# What is your fave feature to perfect? Why we love what we do!



## Strawberrymold (Sep 11, 2009)

Just curious what every one's fave feature was to apply. Don't really know how to word the question very well so I'll give my answer first to clarify.

I love doing a wicked complexion. Not to toot my own horn too much but this is defiantly my specialty. Especially when my client has unbalanced skin, hyper pigmentation or really uneven texture. When the client doesn't know how to even out skin tone, showing them how fix imperfections they didn't know they could... that first look in the mirror when they see the difference... it is the ultimate high.

I have literally had people start crying when they saw what a difference a little well placed makeup could make (thank god I always teach people how to set foundation properly!). I can't explain it. It just feels amazing to know that you have made such a difference in how someone is able to view themselves and that you have contributed to making them feel beautiful or normal. 

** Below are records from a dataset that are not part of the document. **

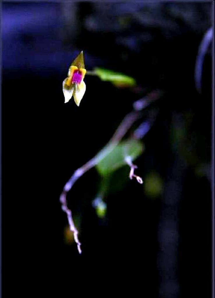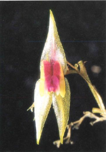 Found in Veracruz state of Mexico in wet pine/oak forests at elevations around 1900 meters as a mini-miniature sized, cool growing epiphyte with slender, suberect ramicauls enveloped by 3 to 7, densely muriculate lepanthiform sheaths with subacute ostia and carrying a single, apical, spreading, coriaceous, elliptical, acute to subacute, tridenticulate, cuneate below into the petiolate base leaf that blooms in the later spring through later summer on a filiform, distichous, flexuous, to 1.4" [3.5 cm] long including the .04” [1 mm] long peduncle, successively single, to 12 flowered inflorescence arisng on the back of the leaf and exceeds it in length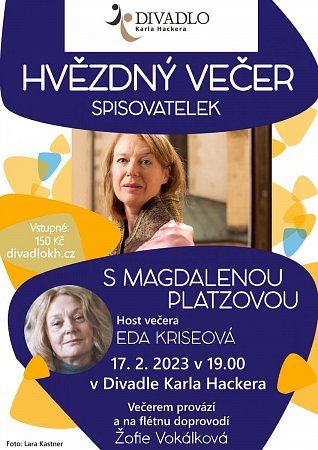 Večer se spisovatelkou a novinářkou Magdalenou Platzovou. Hostem bude Eda Kriseová, večerem provází a na flétnu doprovodí Žofie Vokálková.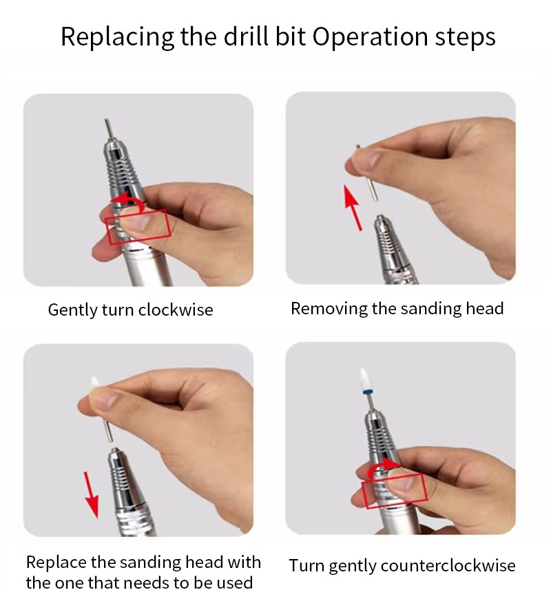 Questo metodo di funzionamento sostitutivo del trapano per unghie e lucidatrice portatile, ovvero plug and pull out, facile e conveniente, la sostituzione può essere utilizzata dopo il completamento.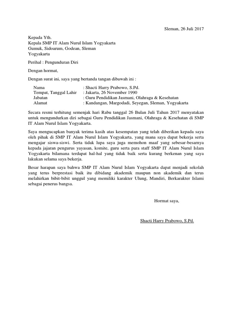 Kadang walau kita sudah memantapkan pilihan untuk resign atau mengundurkan diri. Fungsinya adalah untuk melegalkan status tanggung jawab di perusahaan dan persyaratan administratif. Oleh sebab itu, lebih baik rujuk contoh surat resign dalam bahasa inggeris, buat sedikit modifikasi dan terus hantar pada boss. Savesave contoh surat resign.docx for later. Surat pengunduran diri adalah surat yang dibuat oleh seseorang dan ditujukan kepada pimpinan perusahaan tempatnya bekerja dengan maksud untuk memberikan pernyataan bahwa si pembuat telah memutuskan contoh surat pengunduran diri sederhana.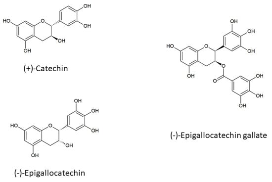 Catechins (monomeric flavanols) and their gallate derivatives are a class of flavonoids mainly present in fruits and vegetables and derived products like fruit juices or jams [1]. Monomeric flavanols are abundant in teas derived from the tea plant Camellia sinensis, as well as in some cocoas and chocolates (made from the seeds of Theobroma cacao) [2]. Catechins are also present in wine and are found in many other plant species. One gram of dried green tea leaves contain more than 200 mg catechins [3], although total catechin content varies widely depending on species, variety, and growth conditions. The main catechins present in green tea, as well as in black tea, are (−)-epigallocatechin (EGC) and the ester of epigallocatechin and gallic acid, (−)-epigallocatechin gallate (EGCG) [4,5]. (+)-Catechin is present in tea in minor amounts but is the main catechin in broad bean, black as well as white grape, plum, rhubarb, and raisins [6]. The food sources of catechins (tea, chocolate, apples, pears, grapes, and red wine) are very popular and highly consumed. Tea catechins consumed by volunteers at a total dose of 240 mg have been found to reach a concentration of up to 0.5 μM in blood plasma [7]. Consumption of eight cups of black tea every 2 h daily by volunteers has brought their blood plasma catechin level up to 1 μM [8].

For me it just takes that one person to out way all the bitchy ones that you can never seem to please. It is one of the many reasons that I love what I do! Makeup gets such a bad rap for being superficial and primpy but really it can make a person happy in a very deep way. I love proving that this is true.

Just thought this would be a fun topic! Please share your thoughts!


----------



## Tahti (Sep 11, 2009)

I agree about the skin tone! There's nothing nicer than seeing someone's happiness after you show them how to correct their skin, it's really lovely ^_^

I like to make people feel happy and beautiful, and usually they tell me what feature of their face the want to highlight/hide, so I help them out as much with that as possible.


----------



## deven.marie (Sep 11, 2009)

Eyebrows!! I have an obsession with eyebrows. Whenever someone comes into my job looking for an eyebrow pencil, powder etc.. I'm like YES! An eyebrow lady! haha. 

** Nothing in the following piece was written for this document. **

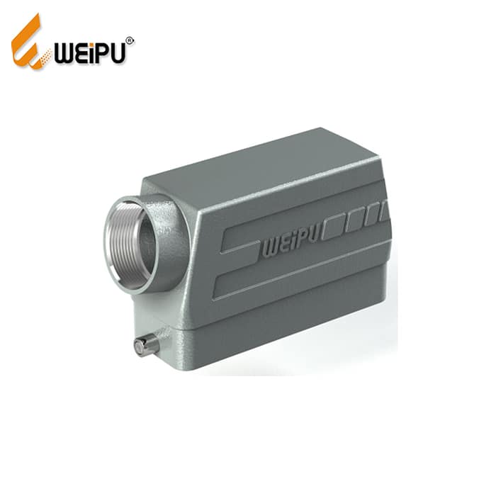 Heavy duty connector housings are made of cast aluminum or flame retardant thermoplastic materials and are powder coated to withstand impact and mechanical pressure.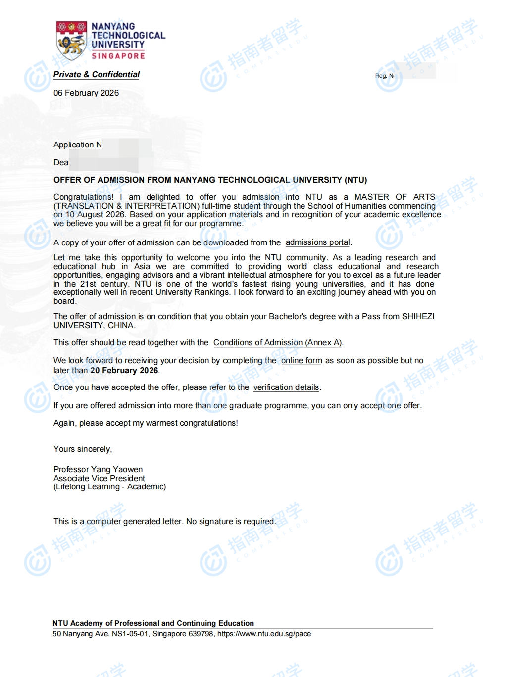 南洋理工大學筆譯與口譯文學碩士研究生offer一枚

I agree about the complexion-perfecting too, I've had a couple people cry.. and hug me and tell me how much better I've made them feel. I love that


----------



## laceface (Sep 16, 2009)

I looooove working on eyes!! I like to perfect the shape of their eye with liner and use various shadows to create a dramatic effect. 

Nothing feels better when someone looks in the mirror and says "Wow! I didn't know I could look like this!"


----------



## Temptasia (Sep 16, 2009)

aww love your enthusiasm ladies

i am not a pro, but when i do make up on friends, i love to highlight and contour


----------



## mistella (Sep 22, 2009)

i think my "thing" is skin & eyebrows, i looove doing both


----------



## nataliesfh (Oct 4, 2009)

I think mine is doing the eyes. I lovelovelove doing eye makeup an explaining as I go what i'm doing, how they can do it, etc.
I also love contouring and highlighting : )


----------



## dulcekitty (Oct 4, 2009)

Complexion (flawless foundation, bronzer, blush, highlighter - makes a huge difference!!) and eyes. Those are my specialties.


----------